A: What an opinonated man!

B: Indeed, always volunteering his view...

A: Ah... had that been true I should have listened with interest.

We tend to think that there must be a coherent position held by the author of a text, and that all the parts of that text contribute to it; but we should be able to see that a book is a series of propositions, each of them satisfying in some way, and not necessarily quite coherent, though that is often and admirably the aim. It is even possible that the juxtaposition of two incompatible propositions may be a source of attraction for both reader and writer, for in passing from one to the other without raising the question of their compatibility we may gain some extra sense of security. That is to say, one of the greatest talents of poets and philosophers may be to so collocate propositions from warring families that the conflict becomes invisible. – We have the impression of peace.

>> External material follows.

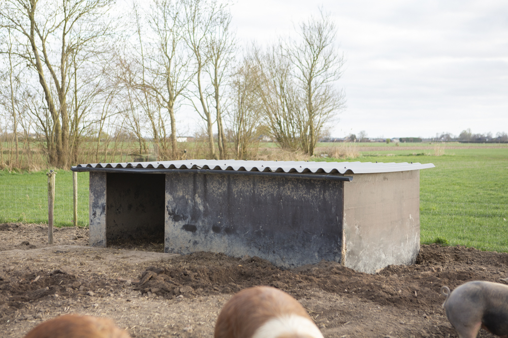 Ze koopt de biggen aan van soortgelijke varkenshouders, deze zijn al gewend aan het buitenleven, de rassen waarop ze selecteert (Husumer/Duroc/Bonte Bentheimer) kunnen goed tegen de Hollandse weersomstandigheden. Afgelopen winter werd het buiten in de wei toch te nat voor de varkens, gelukkig had Renate de mogelijkheid om ze onder te brengen in een overdekte potstal, die aan de zijkanten open was. Voor veel buitenvarkenshouders is extreem weer, zoals lange natte periodes een probleem. Een overdekte stal biedt in deze maanden een geschikte oplossing.

This impression may not be very difficult to create, for the simple fact that a series of propositions is printed as if it had continuity may mask what would be, in another form, speech say, palpable discontinuity. Those volumes which are assembled from several essays, written over a long period of time, but pretending to cohesion, are obvious examples; however, there is no guarantee that a chapter written at one sitting, or a paragraph, or a sentence, or a phrase, is any more integrated. All these could be said to function as forms invented to the give the appearance of a developing and internally integral argument. They are binding agents. It is most important to see that this does not discredit the book or paragraph, since any means of reconciling opposites is welcome. In the experience of reading a book or a poem, it is actually the case that the warring propositions are at peace; and that peace is not an illusion, even though the propositions will quickly trade blow for blow outside these forms.